AL FAQIHA, Líbano, 7 de mayo de 2012. La pequeña aldea de Al Faqiha se encuentra en la cima de un monte en uno de los rincones más recónditos del valle de Bekaa, una fértil franja de tierra que se extiende a lo largo de la frontera oriental de Líbano. Se trata también de la región más cercana a Siria, el atribulado vecino de Líbano, lo que la convierte en el refugio natural de las familias sirias que huyen de los disturbios en su patria.

VÍDEO (en inglés): abril de 2012. Simon Ingram, corresponsal de UNICEF, informa sobre la difícil situación de los refugiados sirios en Líbano.  Véalo en RealPlayer

 

Entre los refugiados llegados más recientemente a Al Faqiha figura Um Karim*, madre de siete niños, que tomó la decisión de huir cruzando las montañas en el aterrador momento en que se desencadenaron los violentos enfrentamientos en su vecindario.

“Junté a todos mis hijos y emprendimos la huida", recuerda. "No tuvimos tiempo de recoger nada, ni siquiera nuestros documentos de identidad. Cruzamos valles y montañas hasta llegar aquí".Su marido, que trabaja de taxista, no logró escapar junto al resto de su familia. Um Karim no ha sabido nada de él desde que se alejó de su hogar.

Tratar de salir adelante

Cuando Um Karim y sus hijos –dos de los cuales aún no saben caminar y el mayor ya ha cumplido 14 años– llegaron a Al Faqiha, una familia de la localidad les facilitó una habitación en la que viven la mujer con todos sus hijos. El cuarto cuenta con muy poco mobiliario y no tiene calefacción, de manera que la mujer y sus hijos carecen de protección ante el frío viento que sopla desde las laderas de las montañas cercanas.

Tampoco hay mucho que comer. Um Karim señala a un rincón de la habitación donde hay varios envases de plástico que contienen arroz, lentejas, mermelada y otros alimentos básicos.

Imagen del UNICEF
© UNICEF/NYHQ2012-0239/Kate Brooks
Ameera [nombre ficticio] en el valle de Bekaa (Líbano). Ameera huyó de Siria junto a su marido y su hijo cuando su aldea comenzó a ser objeto de intensos bombardeos. Durante la huida, la mujer recibió graves magulladuras por haber sido arrojada desde un camión.

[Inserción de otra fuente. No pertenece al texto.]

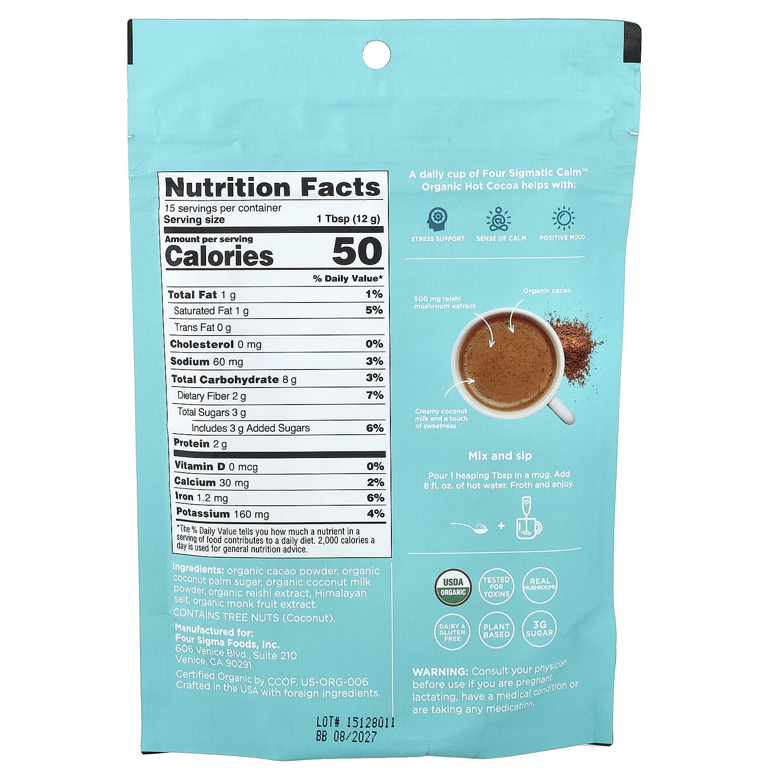 Органический какао-порошок, органический кокосовый сахар, порошок из органического кокосового молока, органический экстракт рейши, Гималайская соль, органический экстракт архата.

“Nos hacen falta muchas cosas", apunta la mujer. "Sobrevivimos, pero ésta no es la manera en que vivíamos en Siria. Damos gracias a Dios. Y tratamos de salir adelante".

Pese a que las autoridades libanesas ofrecieron a los niños sirios la posibilidad de asistir a las escuelas locales, ninguno de los hijos de Um Karim acude a clase.

Temor por los familiares que quedaron en Siria

Muchas de las familias sirias refugiadas en la región cuentan historias similares de estoicismo y capacidad de recuperación frente a las penurias, las pérdidas y la incertidumbre. Las evaluaciones más recientes sugieren que en el valle de Bekaa han hallado refugio unos 8.500 desplazados sirios. En total, el número de personas sirias que se encuentran en Líbano supera las 22.000.

Algunas, como Ameera* (24 años), muestran las cicatrices de lo que han sufrido. El rostro de Ameera aún está cubierto por las magulladuras que sufrió cuando fue arrojada del camión en el que huía con otras personas de su aldea, cuando ésta era blanco de un intenso bombardeo.

Imagen del UNICEF
© UNICEF/NYHQ2012-0234/Kate Brooks
Um Hashem [nombre ficticio] se lleva la mano al rostro en el valle de Bekaa (Líbano). Su hogar en Siria fue destruido y ella tuvo que huir a Líbano.

Para quienes están en Líbano desde hace más tiempo, la mayor preocupación consiste en asegurarse la subsistencia.

“Aquí, mi marido no tiene trabajo", comenta Salwa*, madre de tres niños. "Recibimos alguna ayuda, como alimentos enlatados. Algunos parientes nos han provisto de algunos muebles, pero el alquiler es muy caro y en la casa hay mucha húmedad. Le conseguí un empleo a mi hijo, que gana el equivalente de 10 dólares por día. Eso ayuda a pagar el alquiler".

Um Hashem*, una mujer de más de 60 años, vive en Líbano desde hace más de un año y pertenece a una agrupación de familias sirias desplazadas. Aunque acepta que su vida no es fácil, lo que más le preocupa es la situación de su hijo y otros hombres de su familia que aún permanecen en Siria.

“Le agradecemos a los libaneses habernos recibido y suministrarnos arroz, aceite y otras cosas", dice. "Pero no pasa un día sin que me preocupe por lo que está sucediendo en mi país".

*Se han cambiado los nombres de los refugiados que se mencionan para proteger su identidad.